Work instruction -
Without the images, write out the entries word for word.

(Data items)
-.-.-

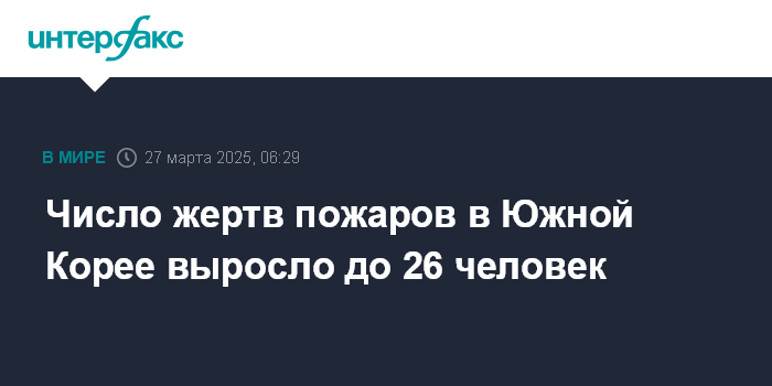 Москва. 27 марта. INTERFAX.RU - Число погибших в результате лесных пожаров в Южной Корее достигло 26 человек, сообщает "Ренхап" со ссылкой на правительство.
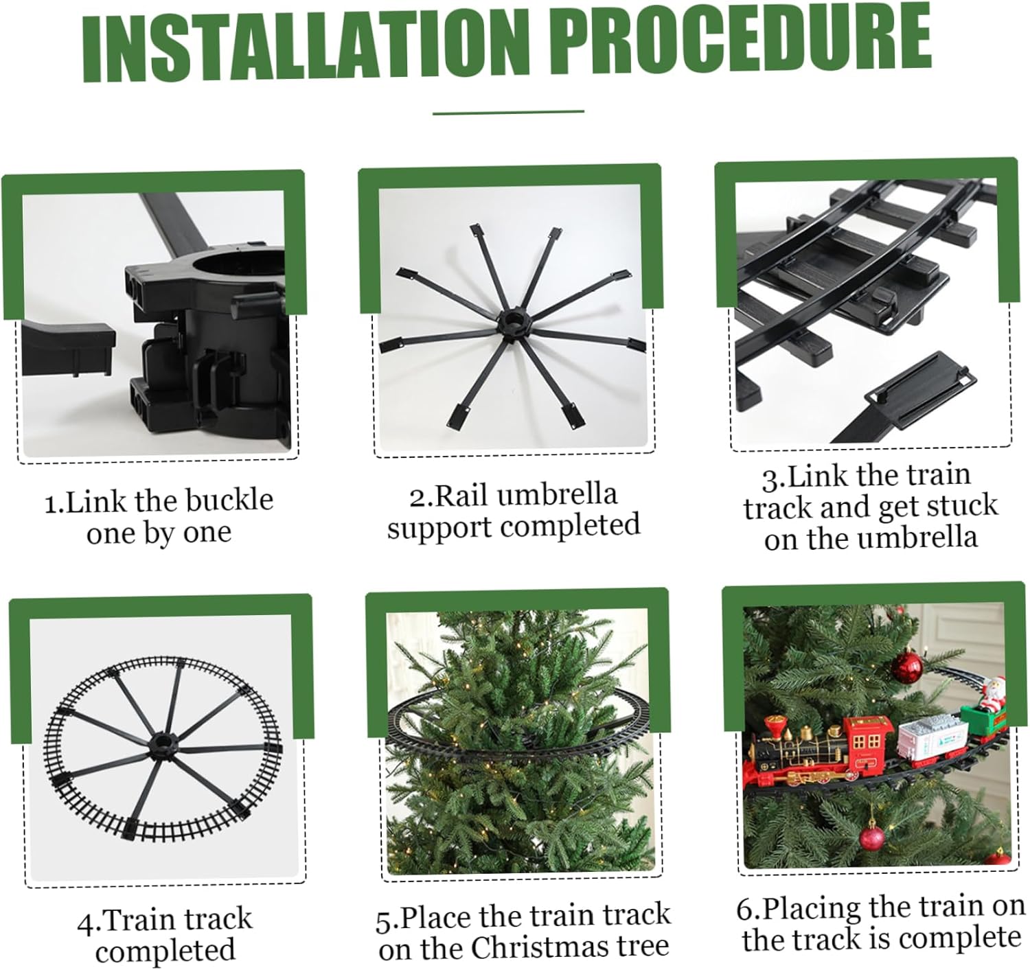 Description: Create a magical Christmas experience with the Christmas tree train set. This delightful train set adds a touch of wonder to your holiday decorations. Simply install the track on your Christmas tree, and watch as the train glides along the tracks, encircling the tree with festive charm. The set features 2 carriages with intricate details, capturing the essence of a traditional Christmas train. Each piece is designed to resemble a classic train, adding authenticity to your holiday display. Equipped with lights and sound effects, the train set creates a joyful ambiance. The lights illuminate the train and its surroundings, while the sound effects enhance the festive atmosphere. This Christmas train set is not only a delightful addition to your holiday decor but also makes a perfect for kids and train enthusiasts. It sparks imagination and brings joy during the holiday season. It can also become a cherished family heirloom, creating lasting memories for years to come. Add a touch of mystery to your Christmas celebrations with the Christmas tree train set. Features:. Christmas Train Set. -Color: As Shown. -Material: Plastic. -Size:. Track Diameter: about 89x89cm/35.04x35.04inch. Box Size:about 45x9x28cm/17.72x3.54x11.02inch. -Battery: 4 x AA Battery(Not Include). Note: Manual measurement, please allow slight errors on size. The colors may exist slight difference due to different screens. Package Including 1 x Christmas Train Set.
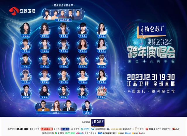 2024 每年的步伐越来越近,特仑苏更好。 2024 江苏卫视跨年演唱会即将举行 12 月 31 日 19:30 盛大的中国澳门银河综艺馆演唱。最近,整个阵容的海报发布:G.E.M. 邓紫棋、鞠婧祎、李宇春、林俊杰、刘令姿、刘维、刘宇宁、毛不易、孟子义、单纯、汤非、陶喆、王俊凯、王啸坤、王心坤、王源、薛之谦、颜人中、于适、曾可妮、曾舜曦、张靓颖、周华健、周深、自得琴社、赵兆等。更多的方圆、屈萌、苏童、王计兵、王昱珩,作为奋斗的叙述者代表,围绕“什么是幸福”分享奋斗故事,深情表达奋斗的野心、创造的力量和发展的果实,与广大观众共同走向更好。 2024。
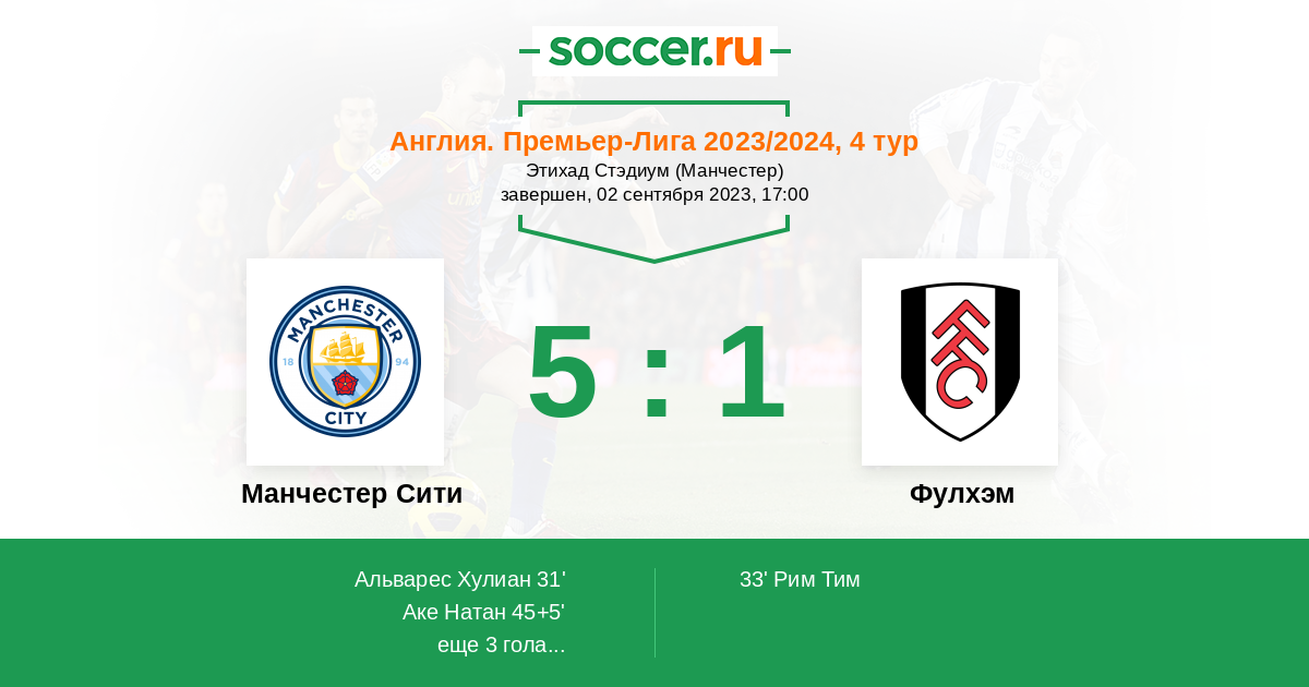 | Манчестер Сити | Фулхэм | |
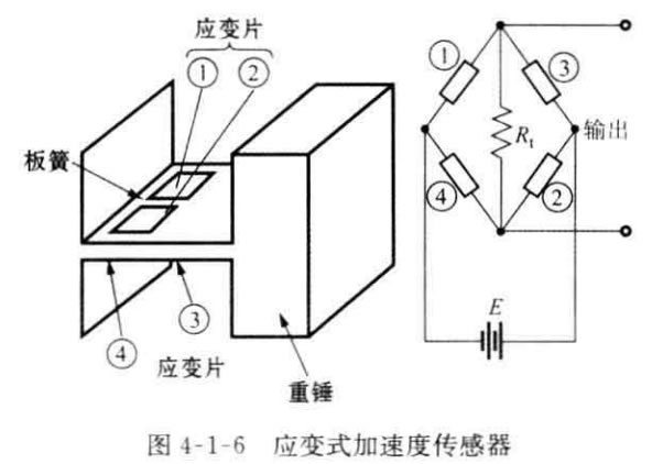 應(yīng)變片加速度傳感器3:應(yīng)變片加速度傳感器是由一個板簧支承重錘所構(gòu)成 的振動系統(tǒng)。在板簧兩面分別貼兩個應(yīng)變片,應(yīng)變片受振動產(chǎn)生應(yīng)變,其電阻值的 變化通過電橋電路的輸出電壓被檢測出來。

-.-.-

Exercise answer -
 Москва. 27 марта. INTERFAX.RU - Число погибших в результате лесных пожаров в Южной Корее достигло 26 человек, сообщает "Ренхап" со ссылкой на правительство.
 Description: Create a magical Christmas experience with the Christmas tree train set. This delightful train set adds a touch of wonder to your holiday decorations. Simply install the track on your Christmas tree, and watch as the train glides along the tracks, encircling the tree with festive charm. The set features 2 carriages with intricate details, capturing the essence of a traditional Christmas train. Each piece is designed to resemble a classic train, adding authenticity to your holiday display. Equipped with lights and sound effects, the train set creates a joyful ambiance. The lights illuminate the train and its surroundings, while the sound effects enhance the festive atmosphere. This Christmas train set is not only a delightful addition to your holiday decor but also makes a perfect for kids and train enthusiasts. It sparks imagination and brings joy during the holiday season. It can also become a cherished family heirloom, creating lasting memories for years to come. Add a touch of mystery to your Christmas celebrations with the Christmas tree train set. Features:. Christmas Train Set. -Color: As Shown. -Material: Plastic. -Size:. Track Diameter: about 89x89cm/35.04x35.04inch. Box Size:about 45x9x28cm/17.72x3.54x11.02inch. -Battery: 4 x AA Battery(Not Include). Note: Manual measurement, please allow slight errors on size. The colors may exist slight difference due to different screens. Package Including 1 x Christmas Train Set.
 2024 每年的步伐越来越近,特仑苏更好。 2024 江苏卫视跨年演唱会即将举行 12 月 31 日 19:30 盛大的中国澳门银河综艺馆演唱。最近,整个阵容的海报发布:G.E.M. 邓紫棋、鞠婧祎、李宇春、林俊杰、刘令姿、刘维、刘宇宁、毛不易、孟子义、单纯、汤非、陶喆、王俊凯、王啸坤、王心坤、王源、薛之谦、颜人中、于适、曾可妮、曾舜曦、张靓颖、周华健、周深、自得琴社、赵兆等。更多的方圆、屈萌、苏童、王计兵、王昱珩,作为奋斗的叙述者代表,围绕“什么是幸福”分享奋斗故事,深情表达奋斗的野心、创造的力量和发展的果实,与广大观众共同走向更好。 2024。
 | Манчестер Сити | Фулхэм | |
 應(yīng)變片加速度傳感器3:應(yīng)變片加速度傳感器是由一個板簧支承重錘所構(gòu)成 的振動系統(tǒng)。在板簧兩面分別貼兩個應(yīng)變片,應(yīng)變片受振動產(chǎn)生應(yīng)變,其電阻值的 變化通過電橋電路的輸出電壓被檢測出來。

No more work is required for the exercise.